Brolin: She made about $100,000. An incredible experience, though. We had a great time. Really, really great time. I can't really tell you the process because it was a fairly easy process. In rehearsal, it was different. We really searched a lot in rehearsal for character and all that, but she was the one person who had it down before the rest of us really started.

CH: Hailee, you got to work with some acting heavyweights in this movie, like Jeff and Josh. Did you get any advice from them?

HS: I think the best advice that the actors have given me is to not take anything too seriously, but to have fun and ... well, take it somewhat seriously, right? But just to have fun with things.

CH: Josh, where do you have to go to find a violent simpleton in you?

Josh BrolinBrolin: When I came, I talked to Joel and Ethan about it in the beginning and they said something about he's sort of a dim bulb and I thought, "No, he's more like a broken bulb. No filament at all." I like the idea of doing this duality of a guy who he's talked about throughout the whole movie so when you see him, you expect a monster. Especially when he turns around the first time, that shot with the horses. He's got that look, whatever he's doing, I'm not sure what the look is. Then he starts talking and it's a different kind of guy. It's like, "So what are you doing here? I don't understand what you're doing out here." I like that better because it's different than what you [expect].

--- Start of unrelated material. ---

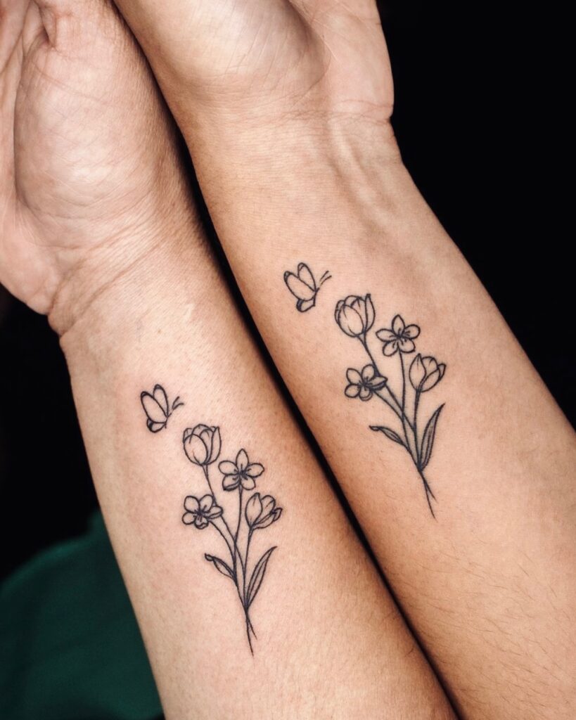 These elegant matching tattoos feature delicate flowers with butterflies fluttering nearby, symbolizing growth, transformation, and freedom. The flowers represent beauty and resilience, while the butterflies add a touch of lightness and symbolize change and new beginnings.

The mythology of what's been created from the movie is ripped from you, whatever pigeonhole that you've created in your mind of what a sociopath is. Then you see it come back when he's alone with her. You see that great low shot that they do of that transition that happens of, "I'm not taking this shit anymore and now I realize I'm out in the middle of nowhere and now I have to manifest this rage again." You realize it's true, he's a true sociopath. It was fun. It was fun to be able to do that.

CH: What about you, Jeff? How did you find the character of Rooster Cogburn?

Bridges: Gosh, each scene is an opportunity to show a different facet of the person you're portraying. I begin developing a character pretty much the same way every time. You're looking at the script or if you're lucky enough to have a book, you're looking at that material and seeing what other characters say about your character, what you say about yourself, what the author says about you. That tells you quite a bit, and then one of the first things you do when you're hired on to make a film is you work with a costume designer. In this case, it was Mary Zophres who was also the costume designer on The Big Lebowski. That's one of the cool things about making movies, there's a collaborative art form so you have all these other artists who are concerned about just specific areas that might be what the room your character lives in, what it looks like and what the clothes look like.

CH: Is there a reason you wear Marshal Cogburn's eye patch on the right eye as opposed to the left like John Wayne in the first True Grit?

Bridges: [Laughing] I'm a commie.

CH: But did you think about that?

Bridges: No. We put it on the right eye, it felt good. Put it on the left eye, not so good. Put it on the right eye: "This feels right. What do you think, guys?" We went back and forth like that. Sometimes I would forget to put it down for the scene. So I would be very pleased with a take and I'd say, "What do you think, guys?" They'd just ... [point at the eye patch.]

CH: In the end, you do mimic the iconic scene from the original where Rooster Cogburn rides into battle with his reigns between his teeth, guns blazing.

Bridges: I remember that day well. Right at the beginning of the day, Joel coming over to me and said, "What do you think about really trying this deal?" I said, "Oh, all right, that's kind of interesting." A little anxious, a little fear, I'm going to ride myself, do it in my teeth -- so we did it that way. It wasn't as tough as I thought [it would be], actually. It was kind of cool. We had a horse that kept the rhythm well. That's basically it from my point of view.

CH: And Jeff, just to wrap up. What qualities of Rooster Cogburn should men aspire to have?

Bridges: Well, true grit, I believe -- and this is my definition of it -- is seeing one thing through to the end. That's a good thing. I aspire to that.